Without any of its pictures, the listing below should be output exactly.

Data for the task:
--

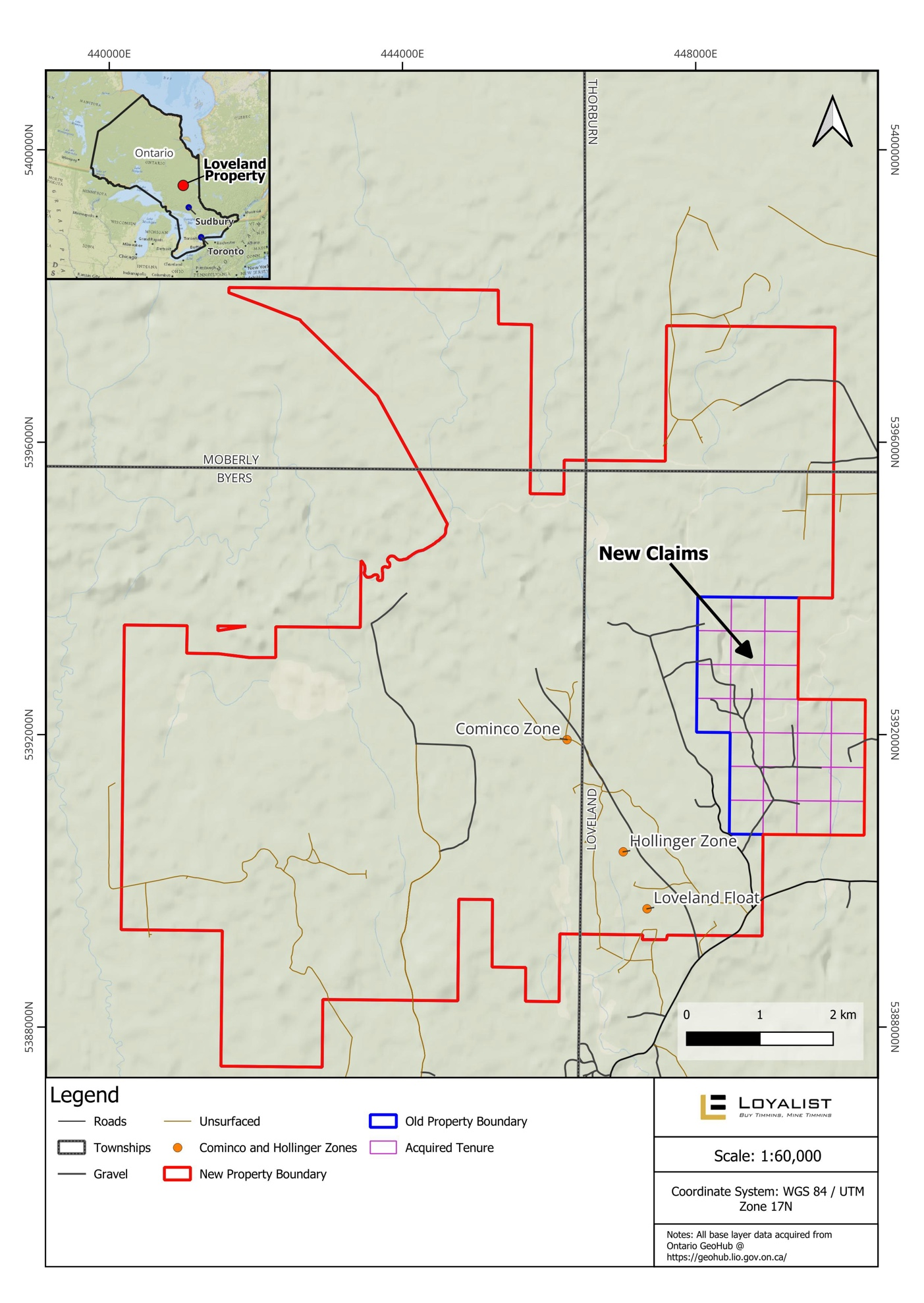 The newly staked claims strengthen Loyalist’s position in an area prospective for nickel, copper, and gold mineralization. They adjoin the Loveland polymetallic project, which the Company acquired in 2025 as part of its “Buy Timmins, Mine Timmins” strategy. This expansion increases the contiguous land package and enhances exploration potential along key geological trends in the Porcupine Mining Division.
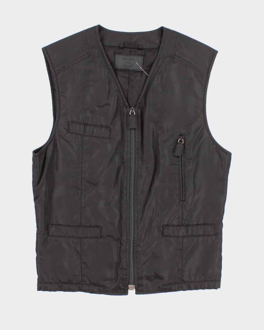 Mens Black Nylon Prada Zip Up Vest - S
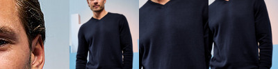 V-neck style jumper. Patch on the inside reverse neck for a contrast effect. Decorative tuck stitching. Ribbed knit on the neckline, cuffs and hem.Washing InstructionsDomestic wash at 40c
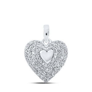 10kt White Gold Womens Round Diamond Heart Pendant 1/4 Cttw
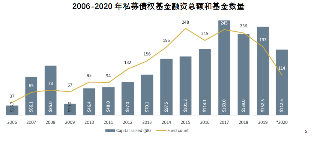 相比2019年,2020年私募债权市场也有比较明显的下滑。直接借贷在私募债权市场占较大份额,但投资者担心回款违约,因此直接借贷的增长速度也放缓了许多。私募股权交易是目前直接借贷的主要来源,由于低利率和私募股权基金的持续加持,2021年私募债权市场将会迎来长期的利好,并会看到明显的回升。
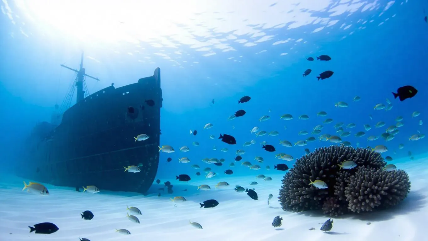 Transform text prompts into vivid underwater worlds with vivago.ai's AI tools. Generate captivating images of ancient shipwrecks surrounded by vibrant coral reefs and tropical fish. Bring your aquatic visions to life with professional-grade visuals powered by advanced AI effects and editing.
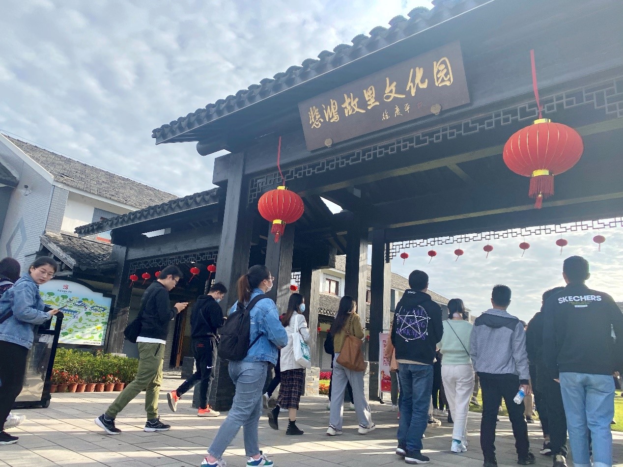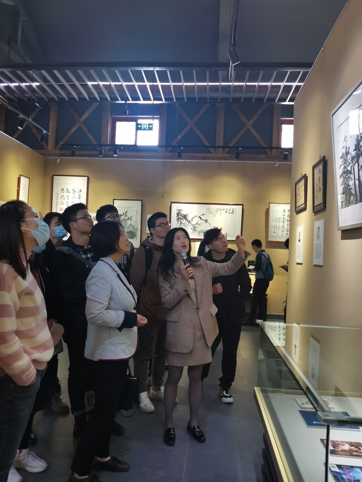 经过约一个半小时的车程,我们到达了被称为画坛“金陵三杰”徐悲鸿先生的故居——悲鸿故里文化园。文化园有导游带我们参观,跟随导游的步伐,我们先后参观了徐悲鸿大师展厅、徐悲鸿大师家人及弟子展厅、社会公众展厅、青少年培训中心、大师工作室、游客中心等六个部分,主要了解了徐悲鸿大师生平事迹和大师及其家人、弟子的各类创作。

--

Response to this exercise:
 The newly staked claims strengthen Loyalist’s position in an area prospective for nickel, copper, and gold mineralization. They adjoin the Loveland polymetallic project, which the Company acquired in 2025 as part of its “Buy Timmins, Mine Timmins” strategy. This expansion increases the contiguous land package and enhances exploration potential along key geological trends in the Porcupine Mining Division.
 Mens Black Nylon Prada Zip Up Vest - S
 V-neck style jumper. Patch on the inside reverse neck for a contrast effect. Decorative tuck stitching. Ribbed knit on the neckline, cuffs and hem.Washing InstructionsDomestic wash at 40c
 10kt White Gold Womens Round Diamond Heart Pendant 1/4 Cttw
 相比2019年,2020年私募债权市场也有比较明显的下滑。直接借贷在私募债权市场占较大份额,但投资者担心回款违约,因此直接借贷的增长速度也放缓了许多。私募股权交易是目前直接借贷的主要来源,由于低利率和私募股权基金的持续加持,2021年私募债权市场将会迎来长期的利好,并会看到明显的回升。
 Transform text prompts into vivid underwater worlds with vivago.ai's AI tools. Generate captivating images of ancient shipwrecks surrounded by vibrant coral reefs and tropical fish. Bring your aquatic visions to life with professional-grade visuals powered by advanced AI effects and editing.
 经过约一个半小时的车程,我们到达了被称为画坛“金陵三杰”徐悲鸿先生的故居——悲鸿故里文化园。文化园有导游带我们参观,跟随导游的步伐,我们先后参观了徐悲鸿大师展厅、徐悲鸿大师家人及弟子展厅、社会公众展厅、青少年培训中心、大师工作室、游客中心等六个部分,主要了解了徐悲鸿大师生平事迹和大师及其家人、弟子的各类创作。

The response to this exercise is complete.